Generasi Cerdas Peduli Hutang Negara, AsMEN Peduli Bangsa Ajak Seluruh Elemen Masyarakat Berperan Aktif
JAKARTA – Forum Asistensi Media Nasional (AsMEN) Peduli Bangsa terus menggalakkan gerakan nasional “Generasi Cerdas Peduli Hutang Negara” sebagai bentuk edukasi dan kepedulian terhadap masa depan Indonesia. Gerakan ini bertujuan membangun kesadaran masyarakat bahwa persoalan utang negara bukan hanya menjadi tanggung jawab pemerintah, tetapi juga membutuhkan partisipasi seluruh elemen bangsa.
Ketua Umum AsMEN, NurKholis, CPLA, yang akrab disapa Cak Nur, mengajak masyarakat untuk bersama-sama meningkatkan literasi kebangsaan, memahami kondisi ekonomi nasional, serta berkontribusi melalui pemikiran, pengawasan, dan partisipasi aktif dalam pembangunan.
> “Bangsa yang kuat adalah bangsa yang rakyatnya peduli. Mari kita bangun generasi cerdas yang memahami kondisi negaranya, ikut menjaga keuangan negara, serta mendukung pembangunan yang transparan, berkelanjutan, dan berpihak kepada kepentingan rakyat,” ujar Cak Nur.
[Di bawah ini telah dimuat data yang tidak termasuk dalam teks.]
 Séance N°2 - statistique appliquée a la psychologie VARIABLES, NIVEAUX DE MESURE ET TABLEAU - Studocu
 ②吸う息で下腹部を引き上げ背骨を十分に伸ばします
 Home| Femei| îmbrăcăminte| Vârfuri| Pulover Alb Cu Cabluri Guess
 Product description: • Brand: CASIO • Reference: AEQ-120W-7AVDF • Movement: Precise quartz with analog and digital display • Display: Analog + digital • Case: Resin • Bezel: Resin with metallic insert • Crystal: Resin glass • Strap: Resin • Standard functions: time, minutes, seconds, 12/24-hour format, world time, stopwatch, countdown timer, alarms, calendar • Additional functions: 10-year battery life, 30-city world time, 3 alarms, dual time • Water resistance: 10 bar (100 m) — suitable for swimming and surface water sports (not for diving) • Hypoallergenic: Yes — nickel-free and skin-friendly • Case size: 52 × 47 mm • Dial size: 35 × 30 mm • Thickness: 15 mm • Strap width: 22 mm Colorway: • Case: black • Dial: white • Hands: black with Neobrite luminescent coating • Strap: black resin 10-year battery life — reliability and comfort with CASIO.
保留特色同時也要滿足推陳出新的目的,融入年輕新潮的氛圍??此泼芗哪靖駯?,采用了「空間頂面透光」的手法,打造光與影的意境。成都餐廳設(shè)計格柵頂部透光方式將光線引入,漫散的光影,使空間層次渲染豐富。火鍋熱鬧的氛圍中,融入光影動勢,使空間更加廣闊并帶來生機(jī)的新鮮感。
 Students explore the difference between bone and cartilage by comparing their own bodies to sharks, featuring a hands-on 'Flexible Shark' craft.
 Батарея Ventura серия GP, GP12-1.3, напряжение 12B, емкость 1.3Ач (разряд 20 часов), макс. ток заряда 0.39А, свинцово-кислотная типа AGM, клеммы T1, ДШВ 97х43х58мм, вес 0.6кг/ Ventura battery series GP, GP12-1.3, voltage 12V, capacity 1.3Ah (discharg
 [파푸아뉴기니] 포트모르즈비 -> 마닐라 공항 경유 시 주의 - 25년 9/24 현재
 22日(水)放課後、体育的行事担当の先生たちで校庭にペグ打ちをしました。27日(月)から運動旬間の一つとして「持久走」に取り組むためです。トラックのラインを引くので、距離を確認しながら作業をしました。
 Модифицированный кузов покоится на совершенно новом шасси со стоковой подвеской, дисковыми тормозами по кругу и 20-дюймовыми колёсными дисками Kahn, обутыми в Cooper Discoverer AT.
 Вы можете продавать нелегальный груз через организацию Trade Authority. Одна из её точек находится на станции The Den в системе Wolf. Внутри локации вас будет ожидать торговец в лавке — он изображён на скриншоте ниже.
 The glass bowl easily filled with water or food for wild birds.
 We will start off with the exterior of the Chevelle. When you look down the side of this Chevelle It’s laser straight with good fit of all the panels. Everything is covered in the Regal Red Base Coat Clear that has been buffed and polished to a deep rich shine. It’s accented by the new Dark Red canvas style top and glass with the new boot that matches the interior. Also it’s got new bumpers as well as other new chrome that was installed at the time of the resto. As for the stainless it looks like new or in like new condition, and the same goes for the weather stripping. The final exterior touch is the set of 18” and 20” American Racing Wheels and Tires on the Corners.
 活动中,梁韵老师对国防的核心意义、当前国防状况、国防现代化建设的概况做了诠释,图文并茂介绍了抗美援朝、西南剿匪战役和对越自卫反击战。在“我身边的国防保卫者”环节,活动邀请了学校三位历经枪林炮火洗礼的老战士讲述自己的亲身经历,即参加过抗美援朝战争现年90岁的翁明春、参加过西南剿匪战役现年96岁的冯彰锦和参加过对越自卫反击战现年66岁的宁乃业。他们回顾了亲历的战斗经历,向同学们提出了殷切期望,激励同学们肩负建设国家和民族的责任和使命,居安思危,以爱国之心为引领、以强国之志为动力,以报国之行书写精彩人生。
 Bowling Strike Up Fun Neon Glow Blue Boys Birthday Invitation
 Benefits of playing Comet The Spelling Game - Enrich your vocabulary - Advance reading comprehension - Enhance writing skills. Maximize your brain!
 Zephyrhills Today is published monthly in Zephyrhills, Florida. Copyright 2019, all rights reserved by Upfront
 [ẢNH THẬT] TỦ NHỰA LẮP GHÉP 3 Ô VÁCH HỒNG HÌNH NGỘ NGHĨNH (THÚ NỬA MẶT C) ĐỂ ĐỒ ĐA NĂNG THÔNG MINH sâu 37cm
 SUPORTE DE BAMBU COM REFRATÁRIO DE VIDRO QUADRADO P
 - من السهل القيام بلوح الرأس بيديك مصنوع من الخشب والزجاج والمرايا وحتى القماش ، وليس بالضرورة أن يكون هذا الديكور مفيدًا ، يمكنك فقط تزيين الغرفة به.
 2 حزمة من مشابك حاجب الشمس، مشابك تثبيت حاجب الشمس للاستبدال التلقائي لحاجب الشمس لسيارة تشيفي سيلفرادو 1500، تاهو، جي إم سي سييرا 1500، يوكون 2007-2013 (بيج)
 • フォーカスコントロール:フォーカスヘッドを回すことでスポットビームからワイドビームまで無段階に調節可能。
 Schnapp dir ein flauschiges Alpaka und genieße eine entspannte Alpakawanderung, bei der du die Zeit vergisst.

Menurutnya, gerakan Generasi Cerdas Peduli Hutang Negara bukan bertujuan menimbulkan kekhawatiran di masyarakat, melainkan mendorong lahirnya budaya kritis, bertanggung jawab, dan cinta tanah air. Dengan meningkatnya literasi keuangan negara, masyarakat diharapkan mampu mengawal kebijakan publik secara konstruktif demi mewujudkan Indonesia yang lebih maju.
Melalui Forum AsMEN Peduli Bangsa, berbagai kegiatan edukasi, diskusi, sosialisasi, dan kolaborasi dengan media, akademisi, komunitas, pelaku usaha, serta generasi muda akan terus diperluas sebagai upaya membangun kesadaran nasional.
AsMEN menegaskan bahwa membangun Indonesia bukan hanya tugas pemerintah, melainkan tanggung jawab bersama. Semangat gotong royong, kepedulian, dan persatuan menjadi fondasi penting dalam menjaga keberlanjutan pembangunan nasional menuju Indonesia yang mandiri, kuat, dan sejahtera.
“Mari menjadi bagian dari Generasi Cerdas Peduli Hutang Negara. Bersama AsMEN Peduli Bangsa, kita wujudkan Indonesia yang lebih bertanggung jawab, transparan, dan berdaya saing.”